Exercise description: Your reply must contain the lines from the one with "通过内容专区的形式,优选并解" through the last line of the material, exact and complete, with no pictures and no other text.
Records shown Start Marker
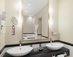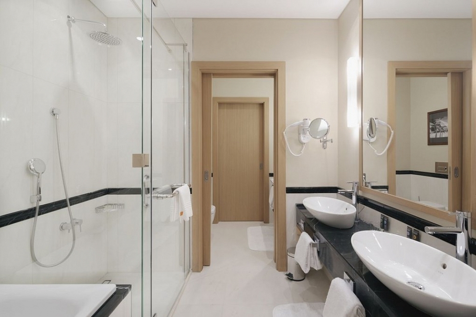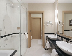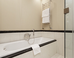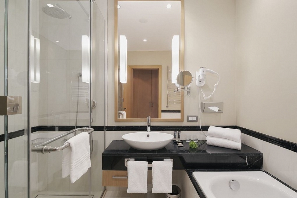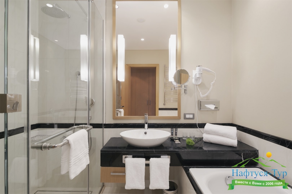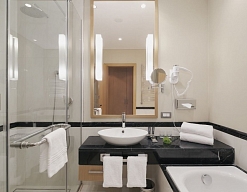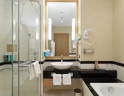 с ванной или душевой кабиной, туалетные принадлежности, фен
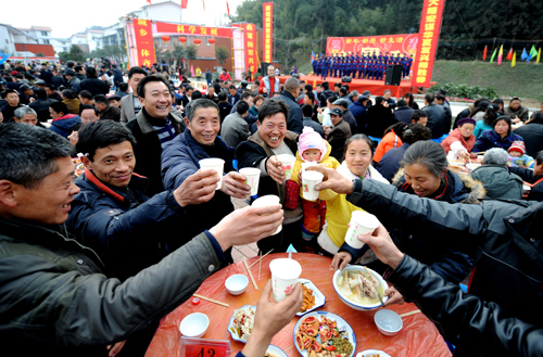2009年1月22日上午,四川省都江堰市向峨乡棋盘村,刚刚搬入新居的1000多名当地群众摆起了“坝坝宴”,大家以这种特别的方式来庆祝乔迁新居和震后的第一个春节。在四川,千人“坝坝宴”只有在重大活动时才举办。这是该乡近30年来首次举办千人“坝坝宴”。
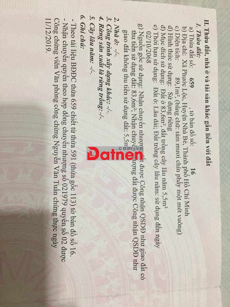 Chính chủ sổ hồng 90m2 đất ở, Xd tự do, Đg Đào Sư Tích, Phước Lộc, Nb.
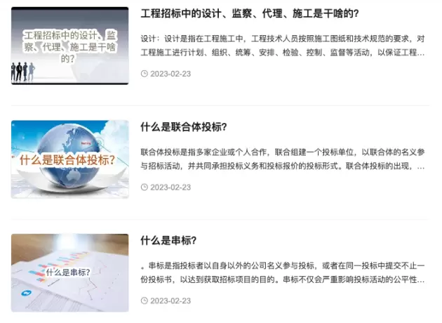 通过内容专区的形式,优选并解读招中标信息中的关键要素,将大大提升标讯信息的可读性。对于用户来说,可以更直观地了解到招中标公告的背景、目标客户详情和市场走向。同时,在标讯信息之外,行业知识的补充也将成为从业者的业务技能及工作效率提升的好帮手。
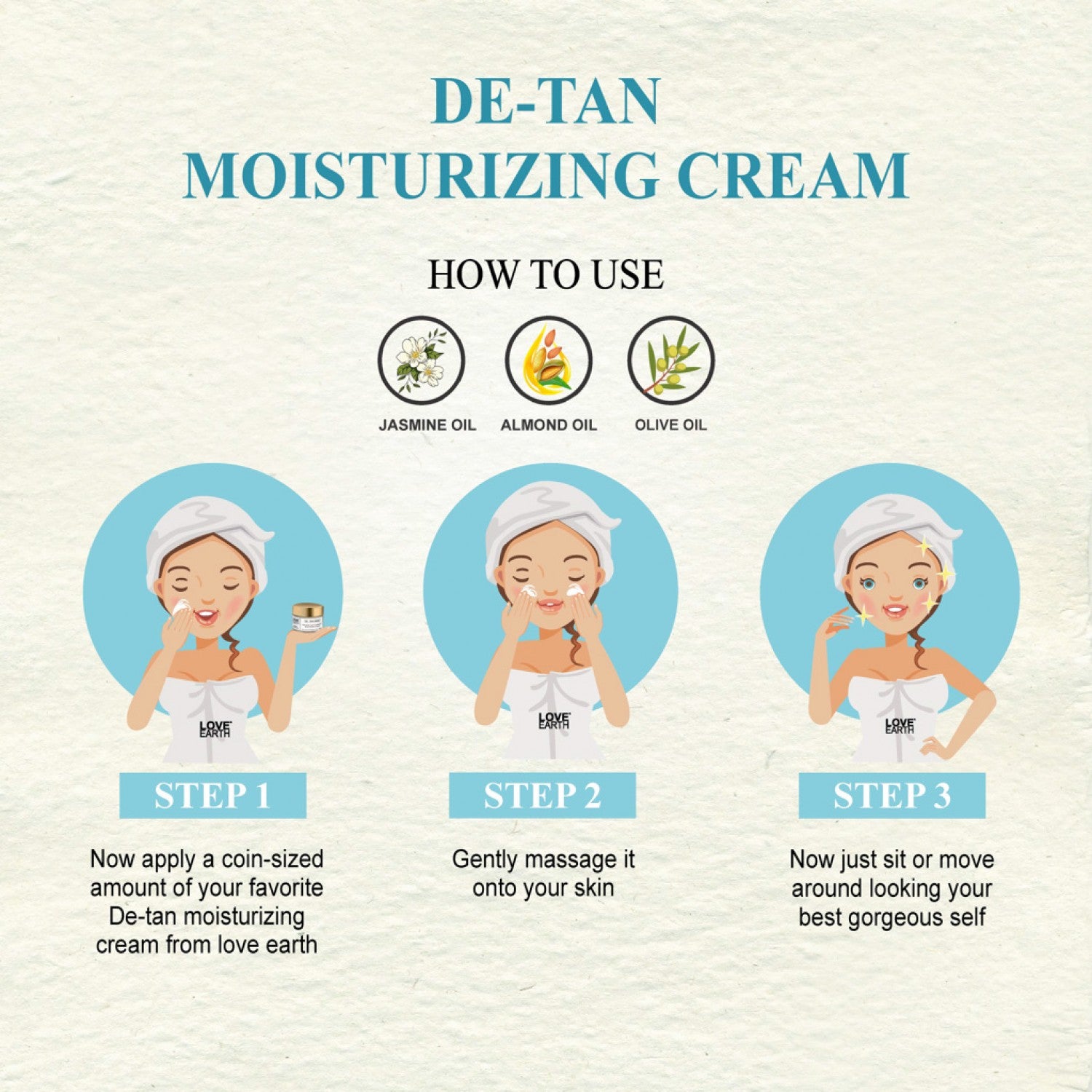 - Now apply a coin-sized amount of your favorite DE-TAN MOISTURIZING CREAM from Love earth.
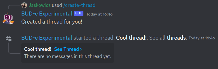 If all went well, you'll see that the bot has successfully created a thread!
Records shown End Marker
Finished exercise:
 通过内容专区的形式,优选并解读招中标信息中的关键要素,将大大提升标讯信息的可读性。对于用户来说,可以更直观地了解到招中标公告的背景、目标客户详情和市场走向。同时,在标讯信息之外,行业知识的补充也将成为从业者的业务技能及工作效率提升的好帮手。
 - Now apply a coin-sized amount of your favorite DE-TAN MOISTURIZING CREAM from Love earth.
 If all went well, you'll see that the bot has successfully created a thread!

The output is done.